I'm relatively new to R, so I realise this type of question is asked often but I've read a lot of stack overflow posts and still can't quite get something to work on my data.

I have data on spss, in two datasets imported into R. Both of my datasets include an id (IDC), which I have been using to merge them. Before merging, I need to filter one of the datasets to select specifically the last observation of a date variable.

My dataset, d1, has a longitudinal measure in long format. There are multiple rows per IDC, representing different places of residence (neighborhood). Each row has its own "start_date", which is a variable that is NOT necessarily unique.

As it looks on spss :

IDC neighborhood start_date
1 22 08.07.2001
1 44 04.02.2005
1 13 21.06.2010
2 44 24.12.2014
2 3 06.03.2002
3 22 04.01.2006
4 13 08.07.2001
4 2 15.06.2011

In R, the start dates do not look the same, instead they are one long number like "13529462400". I do not understand this format but I assume it still would retain the date order...

Here are all my attempts so far to select the last date.
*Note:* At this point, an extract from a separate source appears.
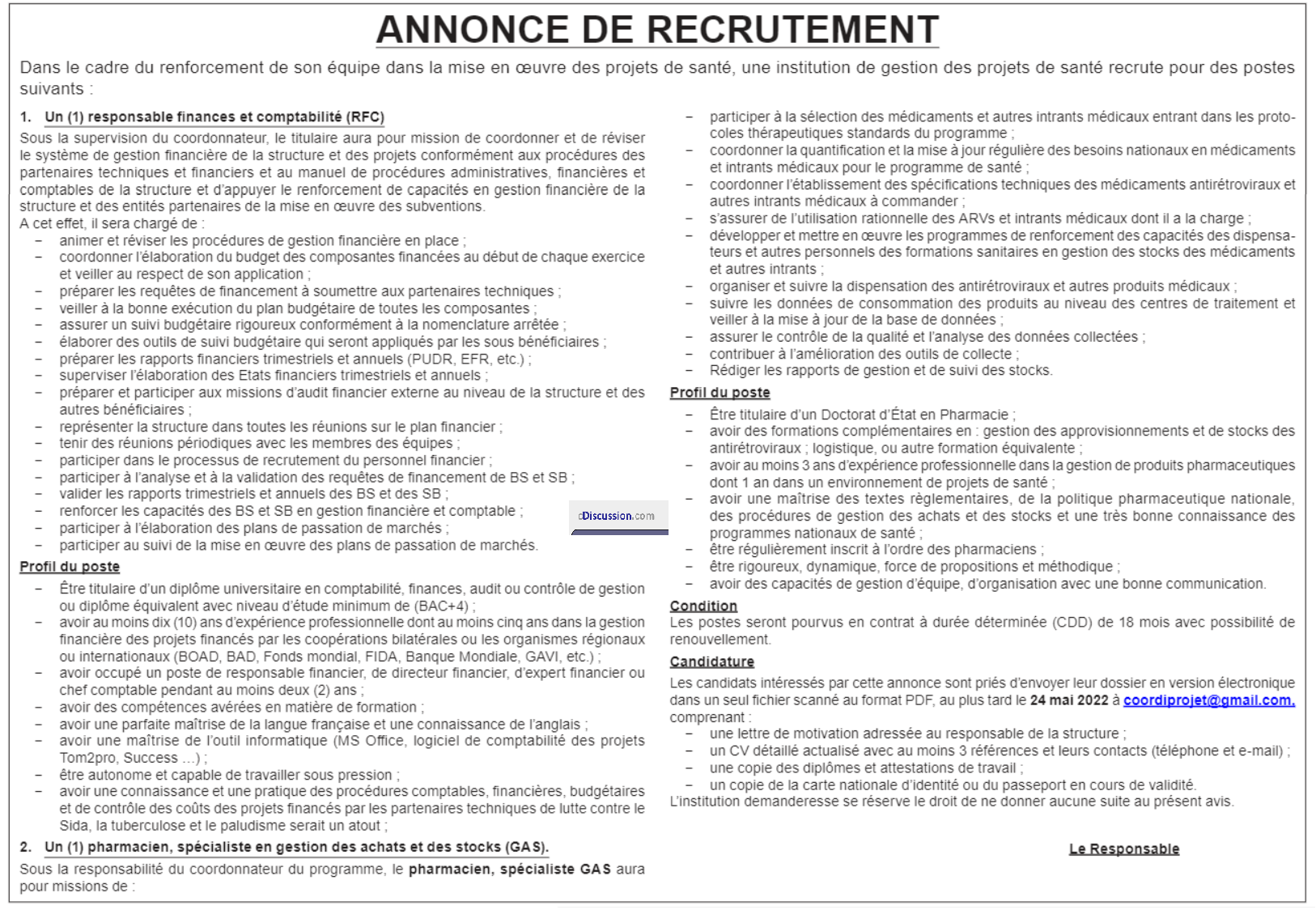 – Un (01) Pharmacien, Spécialiste en gestion des achats et des stocks (GAS)

All attempts ran, there was no error. The output just didn't give me what I want. To my perception, none of these made any change in the number of repetitions of IDC, so none of them actually selected *only the last date.

##### attempt 1 --- not working
d1$start_date_filt <- d1$start_date
d1[order(d1$IDC,d1$start_date_filt),]  # Sort by ID and week
d1[!duplicated(d1$IDC, fromLast=T),] # Keep last observation per ID)
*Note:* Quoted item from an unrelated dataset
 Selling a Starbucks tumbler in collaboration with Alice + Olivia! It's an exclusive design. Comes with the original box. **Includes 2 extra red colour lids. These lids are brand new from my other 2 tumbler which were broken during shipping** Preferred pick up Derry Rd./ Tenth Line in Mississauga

###### attempt 2--- not working 
myid.uni <- unique(d1$IDC)
a<-length(myid.uni)

last <- c()

for (i in 1:a) {
  temp<-subset(d1, IDC==myid.uni[i])
  if (dim(temp)[1] > 1) {
    last.temp<-temp[dim(temp)[1],]
  }
  else {
    last.temp<-temp
  }
  last<-rbind(last, last.temp)
}

last

##### atempt 3 -- doesn't work

do.call("rbind",
        by(d1,INDICES = d1$IDC,
      FUN=function(DF)
      DF[which.max(DF$start_date),]))

#### attempt 4 -- doesnt work 
library(plyr)
ddply(d1,.(IDC), function(X)
  X[which.max(X$start_date),])

### merger code -- in case something has to change with that after only the last start_date is selected
merge(d1,d2, IDC)

My goal dataset d1 would look like this:

IDC neighborhood start_date
1 13 21.06.2010
2 44 24.12.2014
3 22 04.01.2006
4 2 15.06.2011

I'm grateful for any help, many thanks <3

Amanda
  • 3
  • 1

1 Answers1

1

There are some problems with most approaches dealing with this data: because your dates are arbitrary strings in a format that does not sort correctly, it just-so-happens to work here because the maximum day-of-month also happens in the maximum year.

It would generally be better to work with that column as a Date object in R, so that comparisons can be better.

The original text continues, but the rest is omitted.